Defendant has not alleged that he satisfies any of the criteria for compassionate release authorized in section 1B1.13, nor has he alleged any disparity between the sentence he received and the sentence “provided for under the First Step Act.” McCoy, 981 F.3d at 286. Instead, he asks this Court to exercise its discretion to grant him compassionate release because if sentenced today, he would not be classified as a career offender and would receive a lower sentence. (Doc. No. 421 at 9-14).

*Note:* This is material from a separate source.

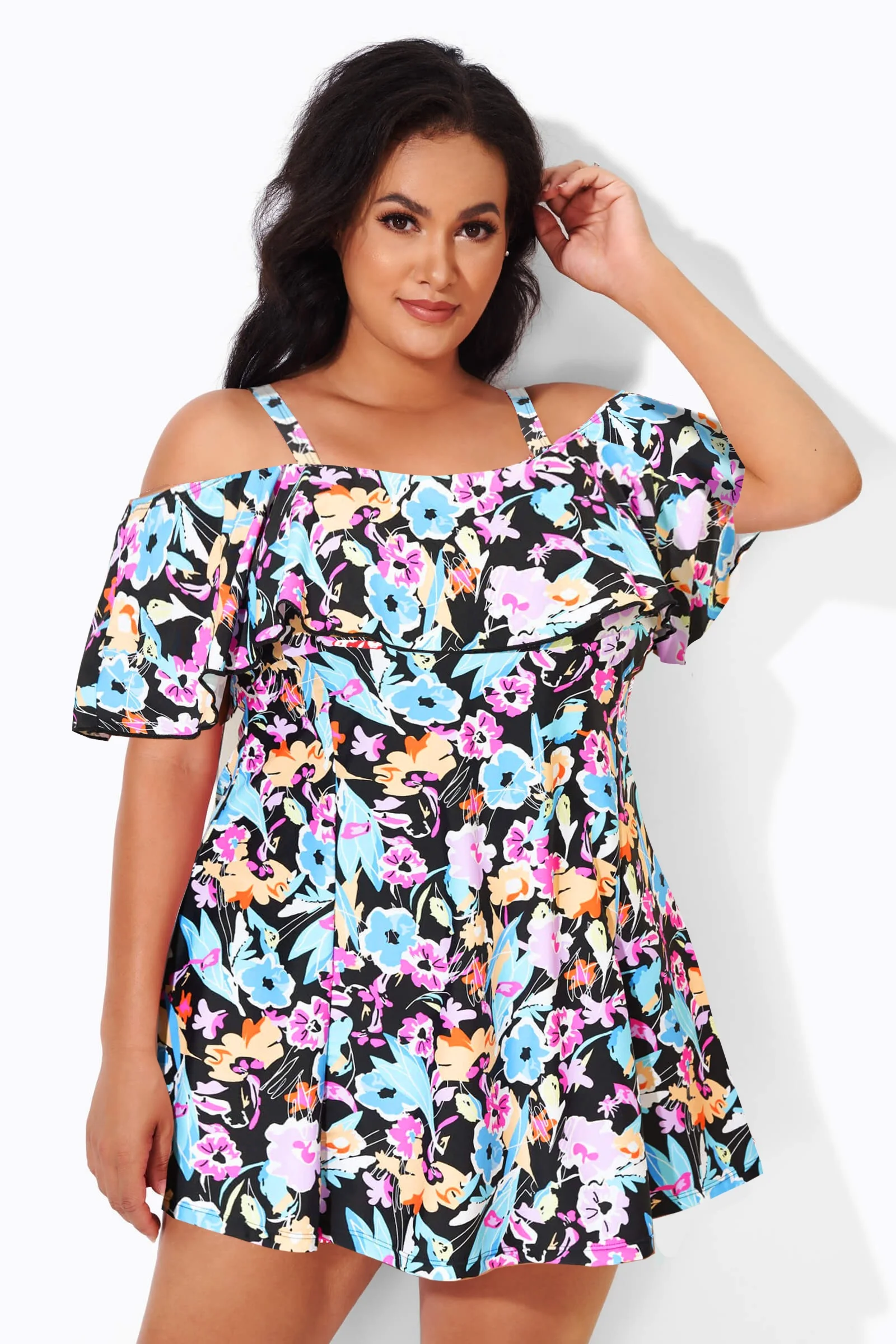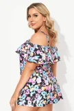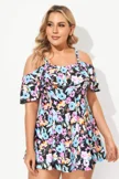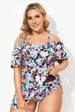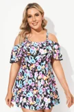 Floral Printed Off-The-Shoulder Flounce Swimdress - PremCurve

Defendant is correct that he would not be sentenced as a career offender today because his Hobbs Act offense is not a “crime of violence” under the career-offender guideline. See U.S.S.G. § 4B1.2(a); United States v. Green, 996 F.3d 176, 184 (4th Cir. 2021) (Hobbs Act robbery “is not a crime of violence under the career offender provision of the Sentencing Guidelines). Without that increase, he would have been subject to a total offense level of 26 and a criminal-history category of VI, resulting in an advisory Guidelines range of between 120 and 150 months in prison. (Doc. No. 175 ¶¶ 21, 48; U.S.S.G. ch. 5 pt. A).

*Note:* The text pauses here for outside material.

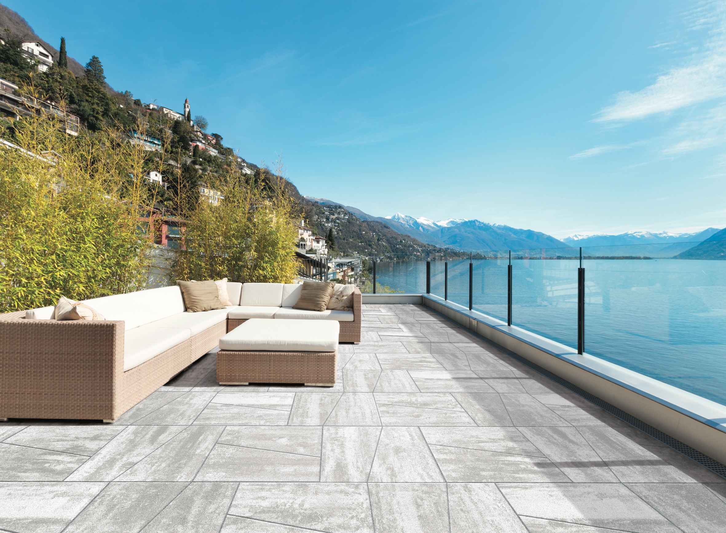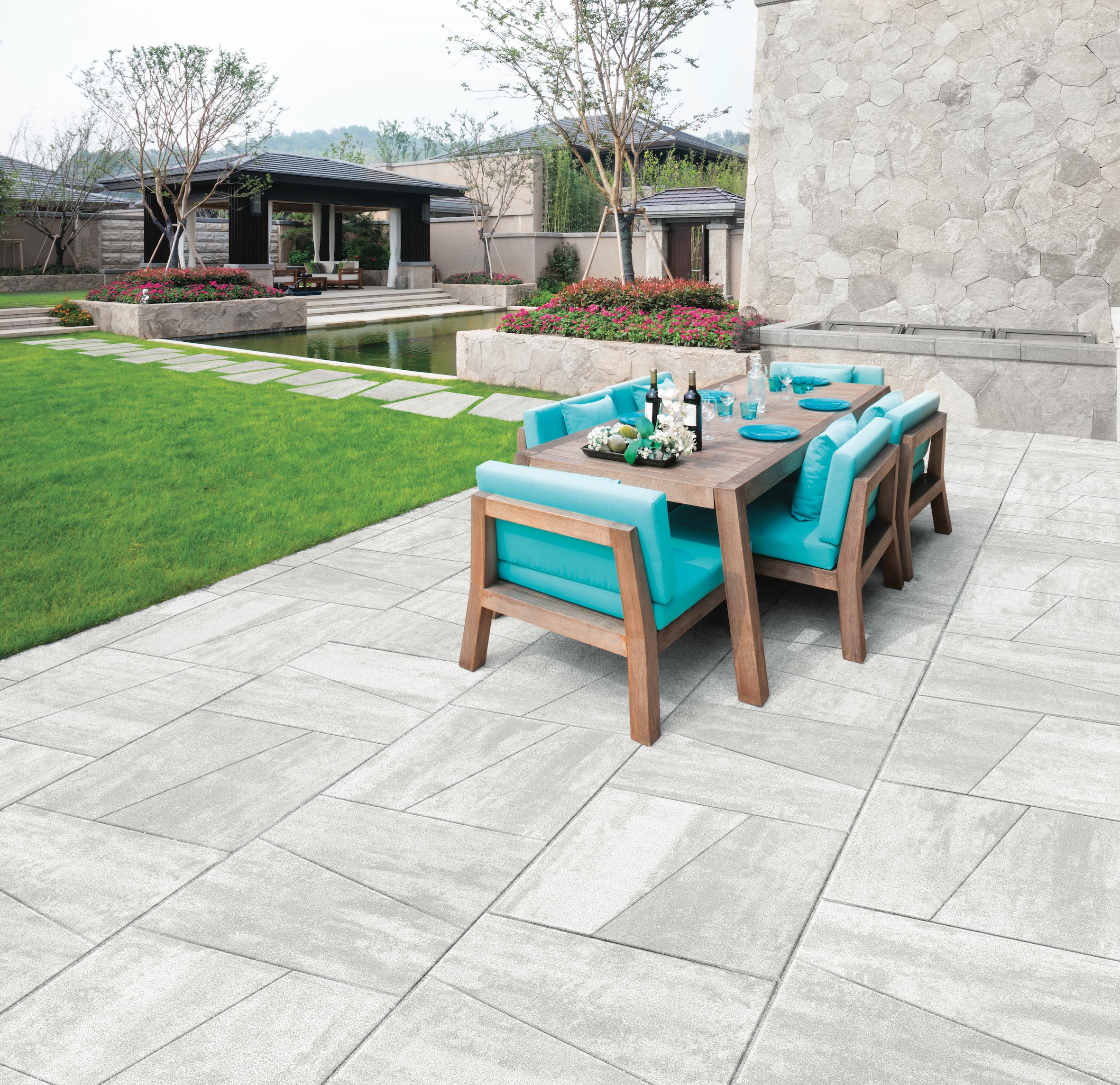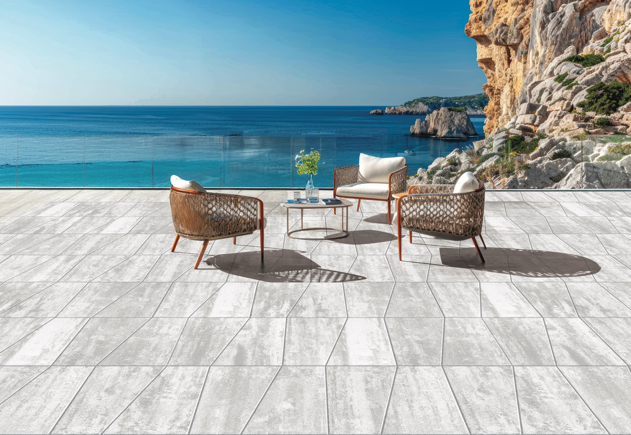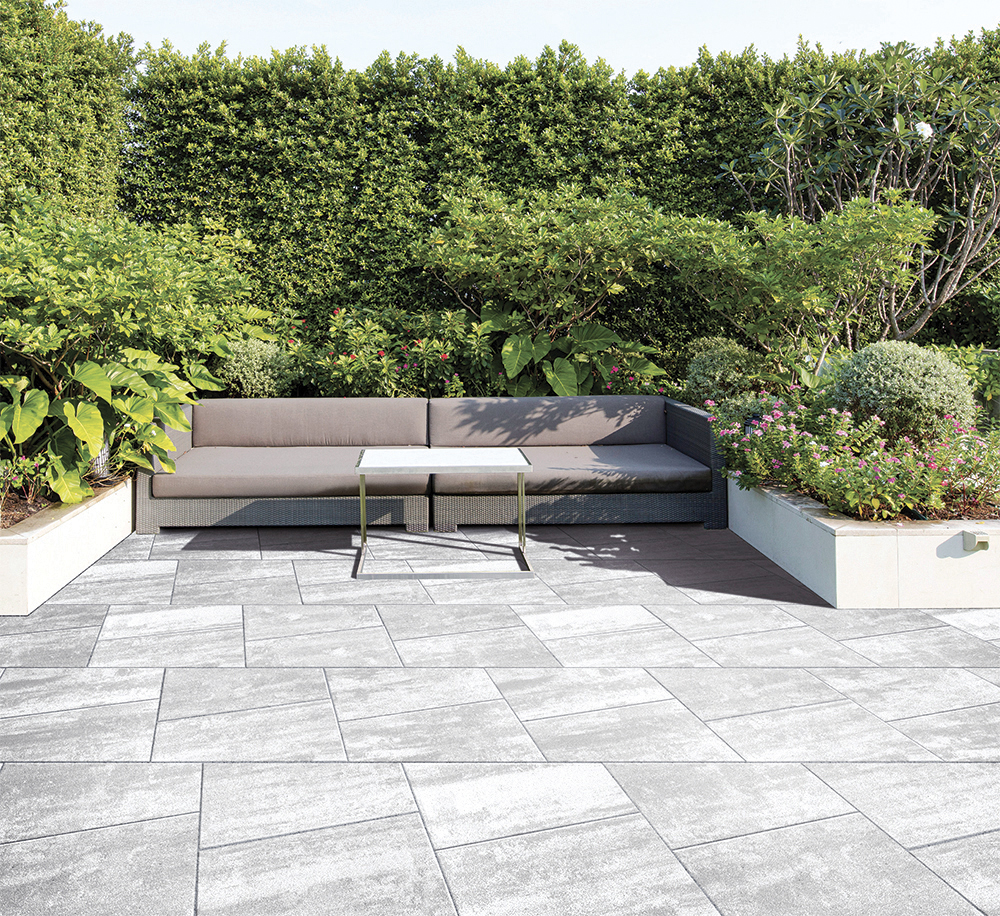Lastra trapezoidale fiammata in pietra ricostruita. Un singolo modulo brevettato che permette varie modalità di abbinamento e di resa del disegno della pavimentazione. D-Vision è la lastra fiammata di spessore 4cm e superficie liscia che grazie al suo Design Unico permette fino a 7 diversi schemi di posa in grado di creare uno spazio esterno moderno e accattivante.

Even though Defendant would be subject to a slightly lower advisory guideline range if sentenced today, this Court declines to grant his request for compassionate release because he has not shown an extraordinary and compelling reason justifying his compassionate release and the sentencing considerations described in 18 U.S.C. § 3553(a) counsel against any sentence reduction. First, Defendant's sentence of 151 months is only one month greater than the high end of the range that would have applied had he not been classified as a career offender. Second, Defendant has a long history of drug-trafficking and other crimes, and his offense of conviction involved the armed robbery of a jewelry store manager. Defendant also has four disciplinary citations since 2019, and though none of those citations was for violent misconduct, as recently as July 2021, he was refusing to abide by the code of conduct required by the Bureau of Prisons. Defendant suggests that he has been subject to unfair and retaliatory treatment in the Bureau of Prisons, but he offers no proof of his assertions and a motion for compassionate release is not the proper venue for obtaining relief, even if his assertions are true.
Based on Defendant's history and characteristics and the need to protect the public from further crimes, the need to provide just punishment, and the need to deter Defendant and others from engaging in similar criminal activity, his sentence of 151 months in prison is sufficient but not greater than necessary to accomplish the Section 3553(a) sentencing objectives. Thus, the Court will deny Defendant's motion.
ORDER
IT IS, THEREFORE, ORDERED that Defendant's pro se Motion for Compassionate Release/Reduction of Sentence, (Doc. No. 421), is DENIED.